(Data extract):
________________
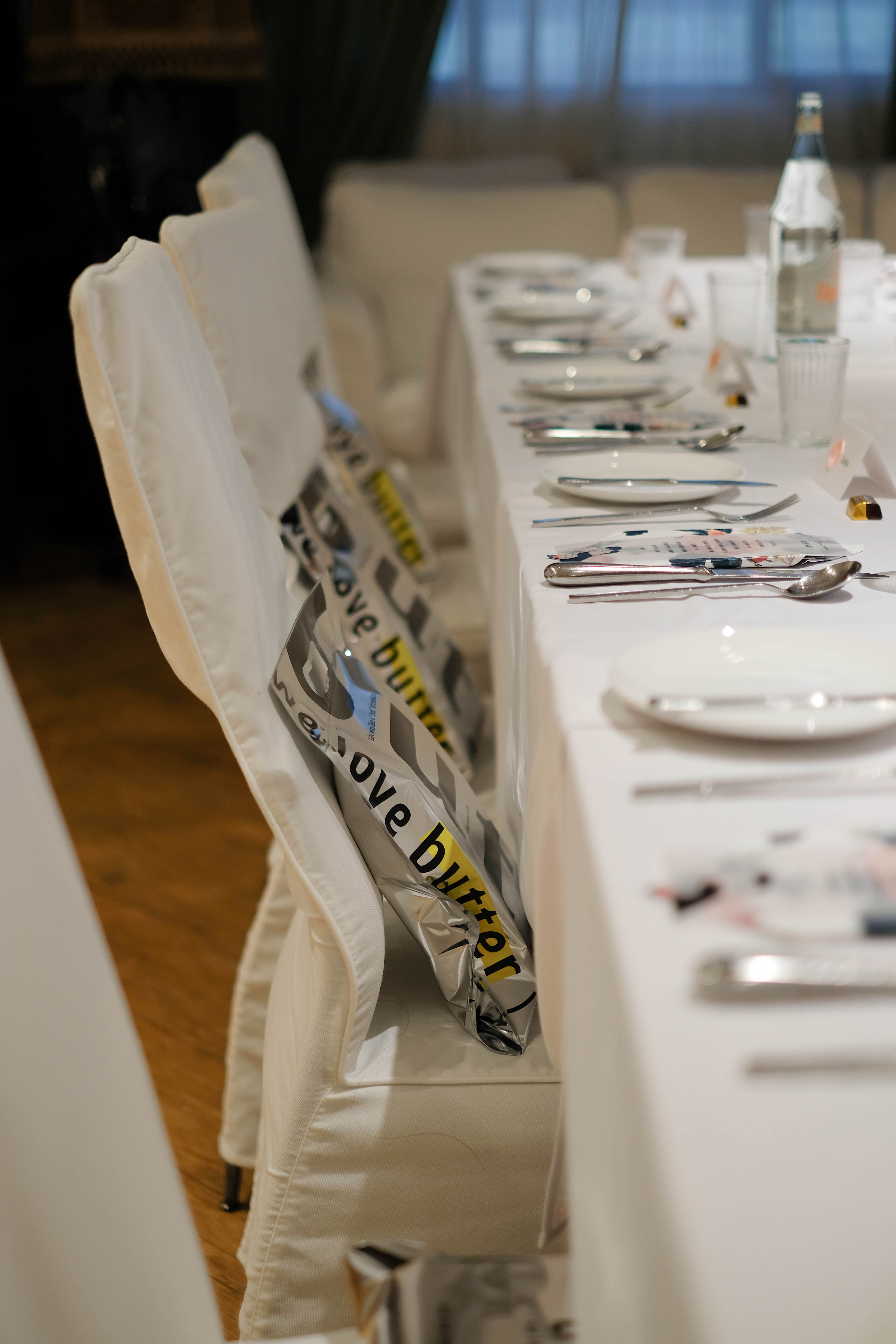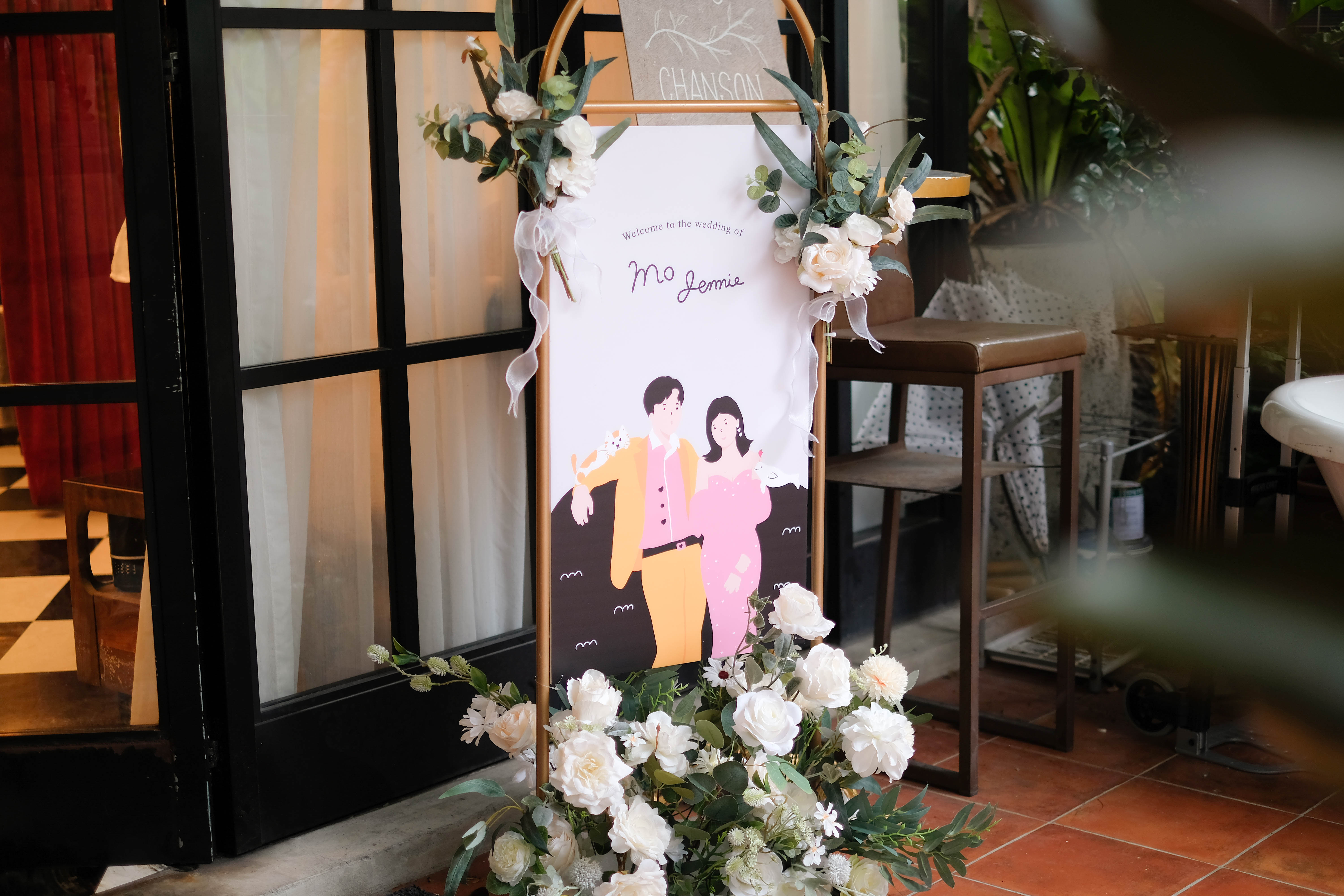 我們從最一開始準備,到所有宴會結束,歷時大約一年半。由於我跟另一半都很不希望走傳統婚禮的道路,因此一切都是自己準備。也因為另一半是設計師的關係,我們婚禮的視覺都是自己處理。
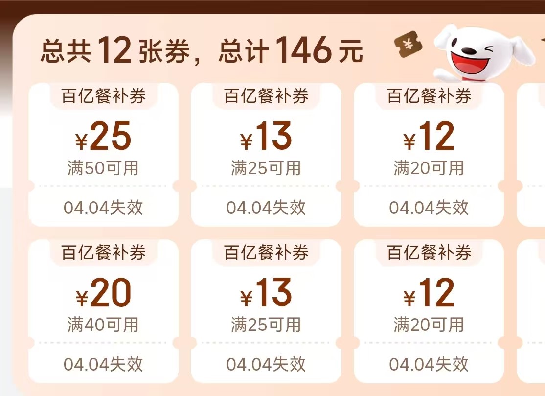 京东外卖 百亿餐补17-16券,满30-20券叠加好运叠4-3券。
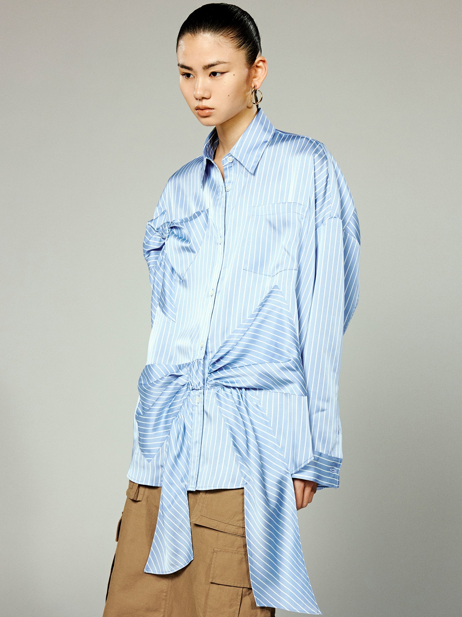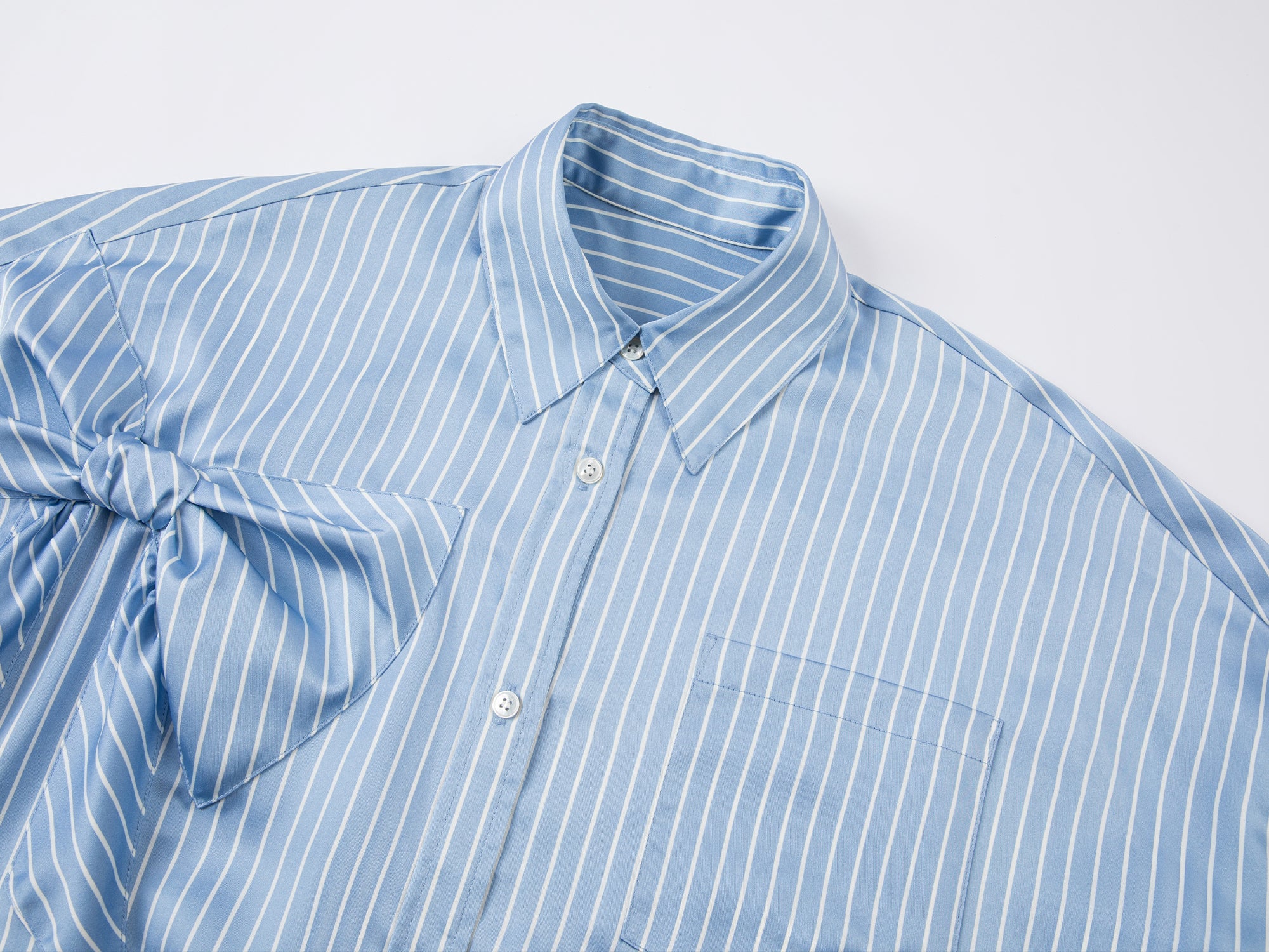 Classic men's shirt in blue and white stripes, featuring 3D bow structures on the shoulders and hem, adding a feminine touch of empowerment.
________________
(Requirement): The material above must be set down word for word, with no picture carried over.

(Answer section):
 我們從最一開始準備,到所有宴會結束,歷時大約一年半。由於我跟另一半都很不希望走傳統婚禮的道路,因此一切都是自己準備。也因為另一半是設計師的關係,我們婚禮的視覺都是自己處理。
 京东外卖 百亿餐补17-16券,满30-20券叠加好运叠4-3券。
 Classic men's shirt in blue and white stripes, featuring 3D bow structures on the shoulders and hem, adding a feminine touch of empowerment.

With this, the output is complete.